- **TASK GOAL**: The entire listing below is to be written out exactly, minus the pictures.

- **DATA SEGMENT**:
^^^^^^^^^^^^^^^^
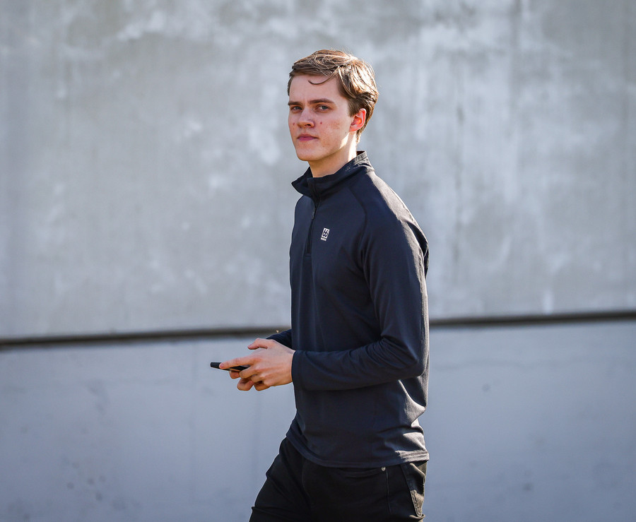 Hinrik fær góða sendingu í gegn frá Arnóri Smára og nær skotinu á markið sem Ólafur er hins vegar í engum vandræðum með og handsamar boltann.
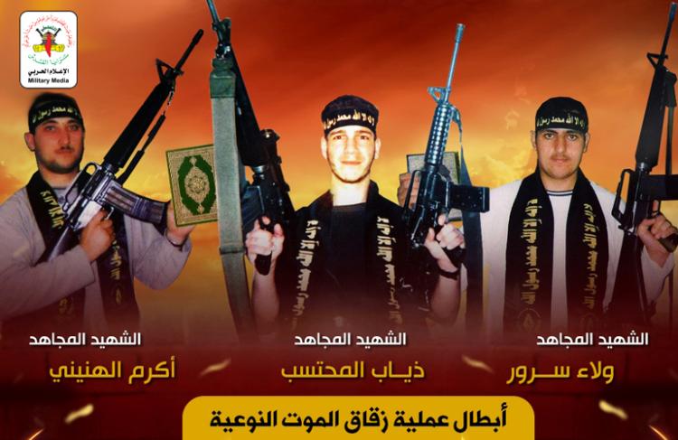 منفذو العملية: الاستشهاديين/ أكرم الهنيني وذياب المحتسب وولاء سرور.
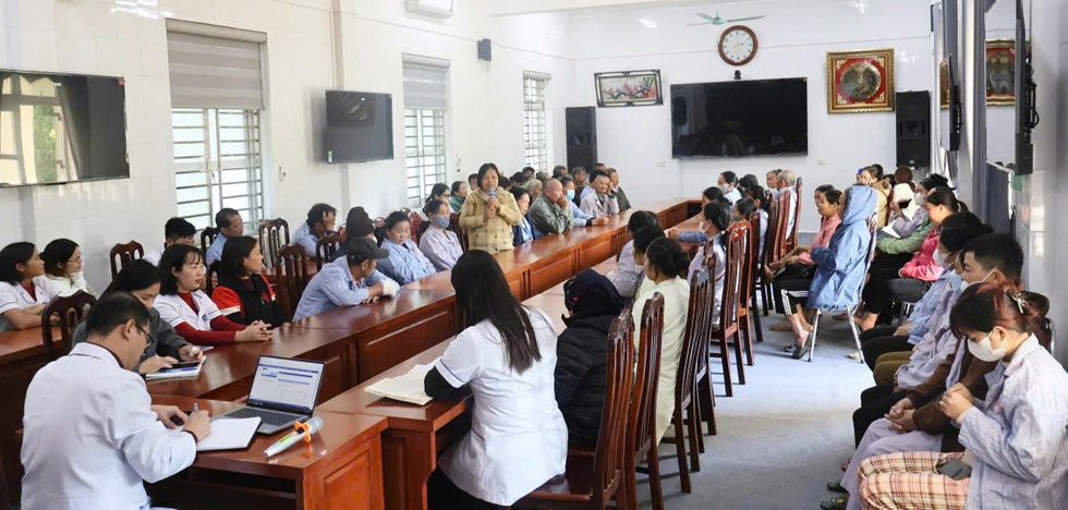 Tham dự có BSCKII: Đặng Ngọc Anh Phó giám đốc TTYT khu vực Đà Bắc, đại diện các khoa phòng, đội ngũ y bác sĩ, điều dưỡng và sự có mặt của 65 người bệnh, người nhà người bệnh đang điều trị tại đơn vị.
^^^^^^^^^^^^^^^^
- **WRITTEN ANSWER**:
 Hinrik fær góða sendingu í gegn frá Arnóri Smára og nær skotinu á markið sem Ólafur er hins vegar í engum vandræðum með og handsamar boltann.
 منفذو العملية: الاستشهاديين/ أكرم الهنيني وذياب المحتسب وولاء سرور.
 Tham dự có BSCKII: Đặng Ngọc Anh Phó giám đốc TTYT khu vực Đà Bắc, đại diện các khoa phòng, đội ngũ y bác sĩ, điều dưỡng và sự có mặt của 65 người bệnh, người nhà người bệnh đang điều trị tại đơn vị.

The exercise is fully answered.